Скоро стало ясно, что без вмешательства Михаила Сергеевича не обойтись.
Когда Яковлев вернулся из Монголии, я ему позвонил. Он был в том телефонном разговоре очень осторожен. Избегал каких-то оценок. Видимо, понимал, что у этого разговора кроме нас может быть много других слушателей. Я ему: «Вот мы выступили против „Советской России“, редколлегия меня поддержала, это наше общее мнение. На публикацию поступают хорошие отклики». Он: «Ну, напечатали вы свою статью, и ладно, и хорошо».
Уже потом мы узнали, какая вокруг этого эпизода развернулась нешуточная борьба наверху, в руководстве партии. Тогда информационное пространство почти целиком было занято сторонниками Нины Андреевой, мы оказались в меньшинстве[230].
Тем временем на местах, в партийных организациях, шли бурные обсуждения статьи. К примеру, в Ленинском райкоме партии города на Неве аппаратчики сумели организовать дело таким образом, что даже выступившая школьница горячо поддержала «принципы» Нины Андреевой. Еще одно обсуждение состоялось в политклубе при Выборгском райкоме партии Ленинграда. Там в дискуссии приняли участие муж Андреевой доктор наук Клушин и партгрупорг кафедры, возглавляемой Клушиным, причем последний посмел выступить против «Советской России», за что участники обсуждения его нещадно раскритиковали. Бедный партгрупорг так расстроился, что решил увольняться из института — лучше уйти по собственному желанию, а не с «волчьим билетом». Секретарь парткома Технологического института был в смятении: чью сторону занять? Его студенты обратились в партком с коллективным письмом, называя статью Андреевой «черносотенной» и требуя поместить опровержение в институтской многотиражке. Но секретарь помнил, что «Советская Россия» — орган ЦК, а потому держал паузу.
Собственный корреспондент «Правды» в Ленинграде Н. Волынский, рассказывая об этом, привел и другие факты недовольства статьей. Так, местная неформальная группа «Человек» публично заявила о том, что намерена возбудить уголовное дело против «Советской России» за клевету на партию и перестройку. Словом, страсти разгорелись нешуточные.
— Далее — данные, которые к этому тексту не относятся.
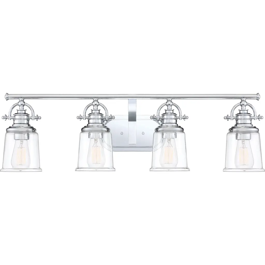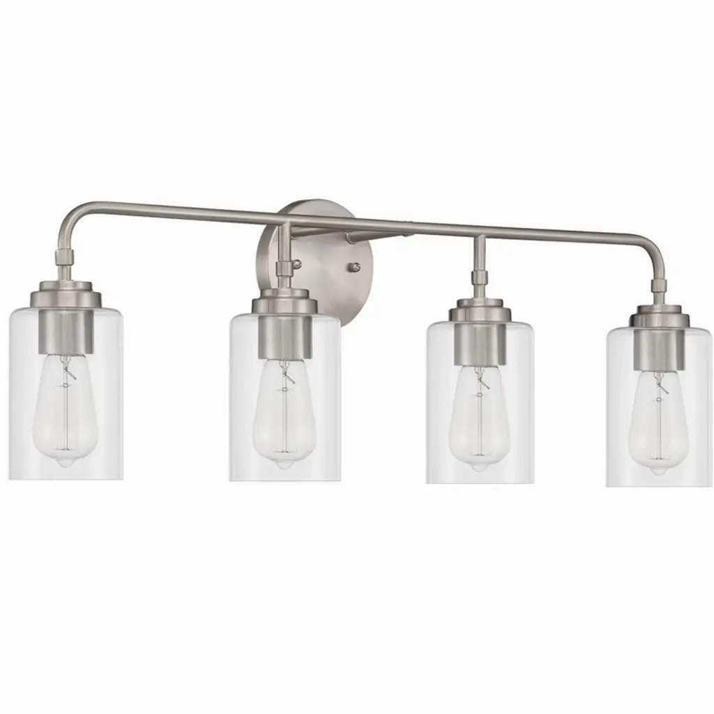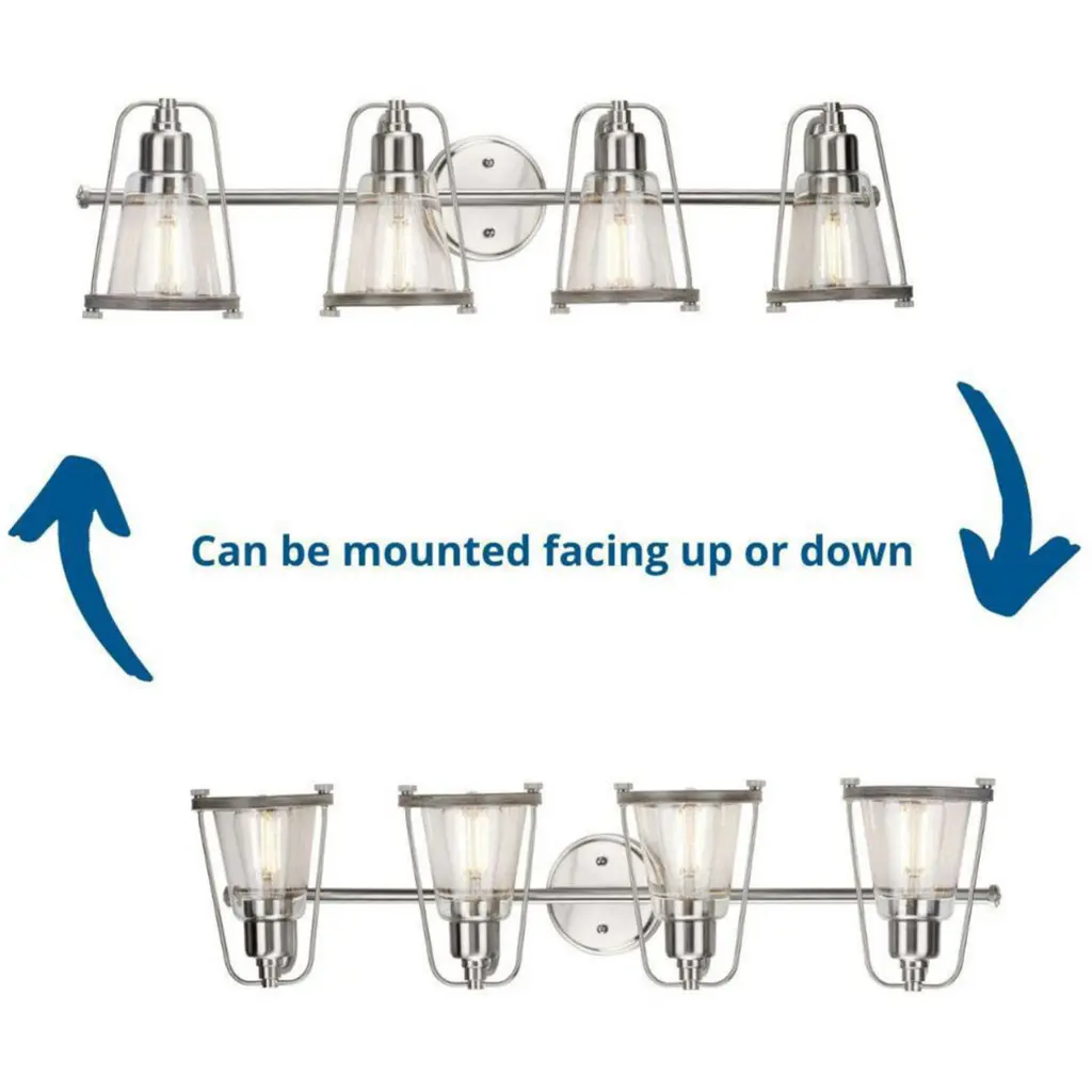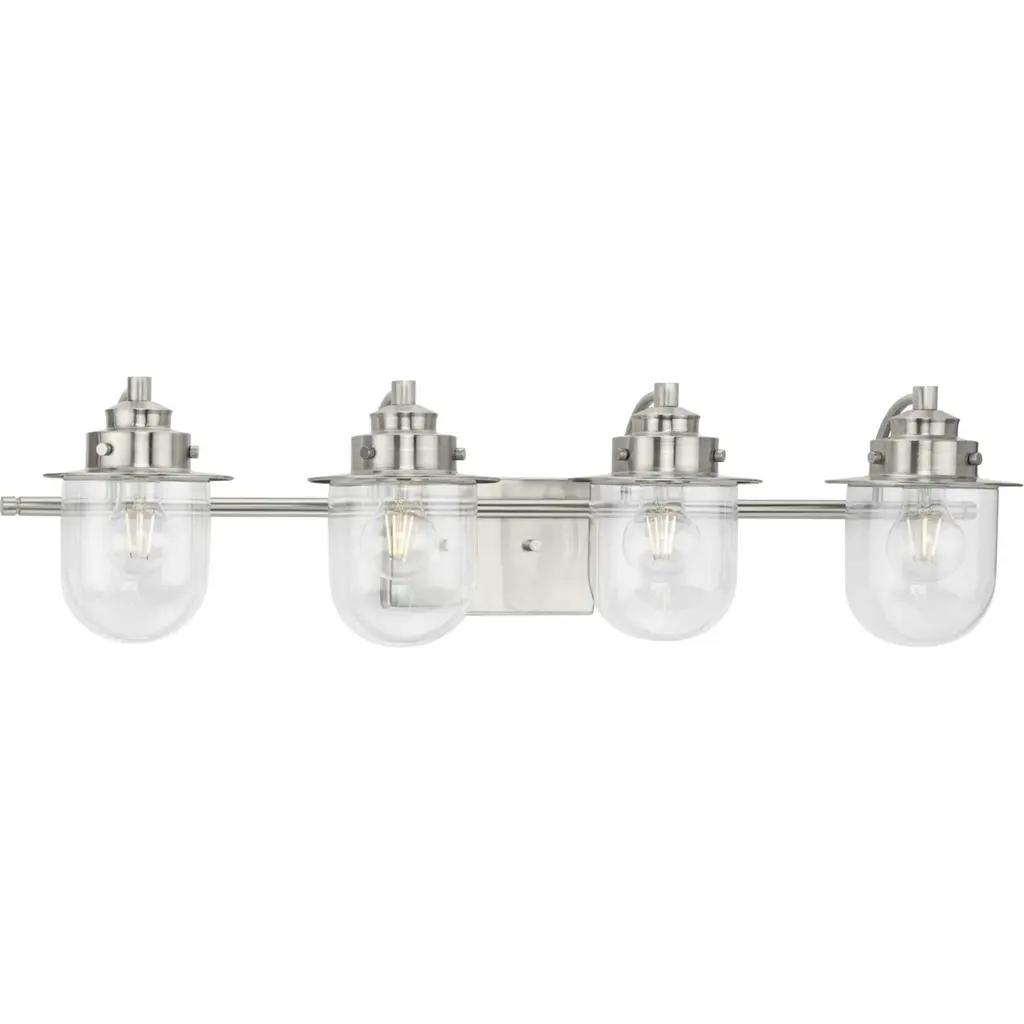 Mix old and new for charming character with the Conway Collection 4-Light Brushed Nickel Clear Seeded Farmhouse Bath Vanity Light. A brushed nickel bell-shaped frame and round backplate are accented by hand-painted, weathered grey wood-style accents for a charming nautical aesthetic. A light source glows from within a clear seeded glass shade for visual texture.

Некоторые партийные руководители на местах восприняли выступление газеты как директивное, устроили его обсуждение в своих организациях.
И в соцстранах тоже внимательно следили за тем, как обернется дело. Лидер ГДР Эрих Хонеккер распорядился перепечатать статью в газете «Нойес Дойчланд» — местном аналоге «Правды».
Помощник Яковлева Николай Алексеевич Косолапов, вспоминая те дни, говорил, что его шеф возмутился более всего даже не содержанием статьи, а той технологией, которая была применена публикаторами. Он горячо доказывал мне:
Понимаете, в работе спецслужб есть важный момент, связанный со сливом информации. Если наш условный «штирлиц» начнет слать в Москву какие-то ценные сведения, а мы будем их открыто использовать, то этот «штирлиц» быстро погорит, его моментально вычислят. Такую информацию надо предварительно «отмыть», как отмывают криминальные деньги. Нина Андреева и ее письмо в редакцию были одним из каналов или объектов «отмыва» информации. Разумеется, сразу стало ясно, что не Андреева написала эту статью, а совсем другие люди, опытные, профессиональные, хорошо знавшие, чего они хотят. При этом надо понимать момент, в который выступила «Советская Россия». Перестройка шла в напряженной борьбе, страшной борьбе. И статья была расценена как выпад ее противников. Как их манифест. Отсюда — реакция и Яковлева, и Горбачева[231].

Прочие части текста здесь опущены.